__Task to complete__. All of the data, except its images, should be set down exactly as it appears.

__Source material__.
══════════

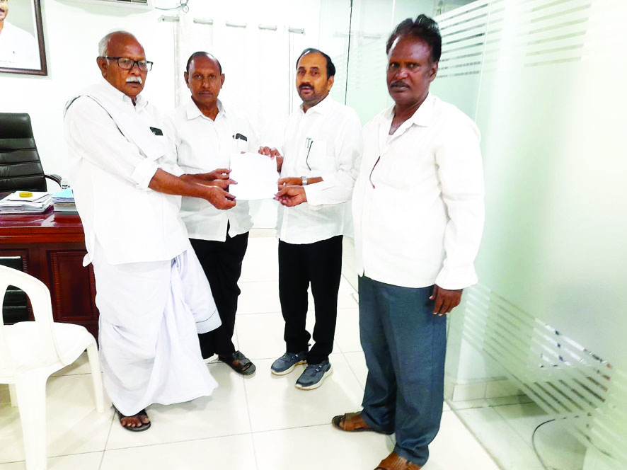 నిడమర్రులోని ఎస్సీ కాలనీలో కమ్యూనిటీ హాల్ నిర్మించాలని, ఏఏ ప్రాథమిక పాఠశాలలో మెరక తోలాలని, కర్మకాండలకు షెడ్ నిర్మాణం చేయాలని కోరుతూ ఎమ్మెల్యే ఆళ్ల రామకృష్ణారెడ్డికి ప్రజాసంఘాల నాయకులు వినతి పత్రం అందజేశారు. మంగళగిరిలోని ఎమ్మెల్యే కార్యాల యంలో ఆయనను కలిశారు. ఎమ్మెల్యే స్పందించి డి ఇతో మాట్లాడి వెంటనే హాల్, షెడ్ నిర్మాణాలకు అంచ నాలు తయారు చేస్తానని చెప్పారు. అర్జీ అందజేసిన వారిలో సిఐట ియు నాయకులు ఎం.రవి, ఎం.భాగ్యరాజ్, స్థానిక పెద్దలు కె.నాగేశ్వరరావు, కె.వీరయ్య, కె.కళ్యాణ్, కె.అశోక్ ఉన్నారు.
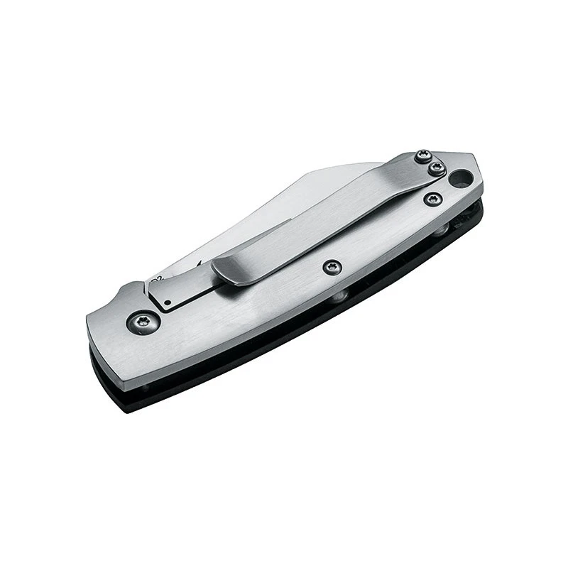 Ce couteau pliant Böker Plus Cox Pro 10, signé Anso, possède un manche en G10 noir au recto, ainsi qu’en acier inoxydable au verso pour une allure ultra-moderne, contemporaine. Le G10 est texturé pour que le confort de prise en main soit maximal. Trou pour cordon, lanière, en bout de poignée et clip de poche tip-up au dos pour une facilité de port déconcertante. À titre informatif, l’épaisseur de lame du couteau Cox Pro 10 Böker Plus est de 3,9mm.
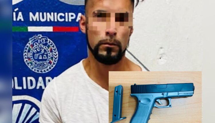 Playa del Carmen.- Policías de la Secretaría de Seguridad Pública y Tránsito Municipal de Solidaridad aseguraron a un sujeto que tenía en su posesión una réplica de arma de fuego, señalado de amenazar de muerte a una mujer, en el fraccionamiento Paseos Xcacel.

══════════

__Solution for this exercise__.
 నిడమర్రులోని ఎస్సీ కాలనీలో కమ్యూనిటీ హాల్ నిర్మించాలని, ఏఏ ప్రాథమిక పాఠశాలలో మెరక తోలాలని, కర్మకాండలకు షెడ్ నిర్మాణం చేయాలని కోరుతూ ఎమ్మెల్యే ఆళ్ల రామకృష్ణారెడ్డికి ప్రజాసంఘాల నాయకులు వినతి పత్రం అందజేశారు. మంగళగిరిలోని ఎమ్మెల్యే కార్యాల యంలో ఆయనను కలిశారు. ఎమ్మెల్యే స్పందించి డి ఇతో మాట్లాడి వెంటనే హాల్, షెడ్ నిర్మాణాలకు అంచ నాలు తయారు చేస్తానని చెప్పారు. అర్జీ అందజేసిన వారిలో సిఐట ియు నాయకులు ఎం.రవి, ఎం.భాగ్యరాజ్, స్థానిక పెద్దలు కె.నాగేశ్వరరావు, కె.వీరయ్య, కె.కళ్యాణ్, కె.అశోక్ ఉన్నారు.
 Ce couteau pliant Böker Plus Cox Pro 10, signé Anso, possède un manche en G10 noir au recto, ainsi qu’en acier inoxydable au verso pour une allure ultra-moderne, contemporaine. Le G10 est texturé pour que le confort de prise en main soit maximal. Trou pour cordon, lanière, en bout de poignée et clip de poche tip-up au dos pour une facilité de port déconcertante. À titre informatif, l’épaisseur de lame du couteau Cox Pro 10 Böker Plus est de 3,9mm.
 Playa del Carmen.- Policías de la Secretaría de Seguridad Pública y Tránsito Municipal de Solidaridad aseguraron a un sujeto que tenía en su posesión una réplica de arma de fuego, señalado de amenazar de muerte a una mujer, en el fraccionamiento Paseos Xcacel.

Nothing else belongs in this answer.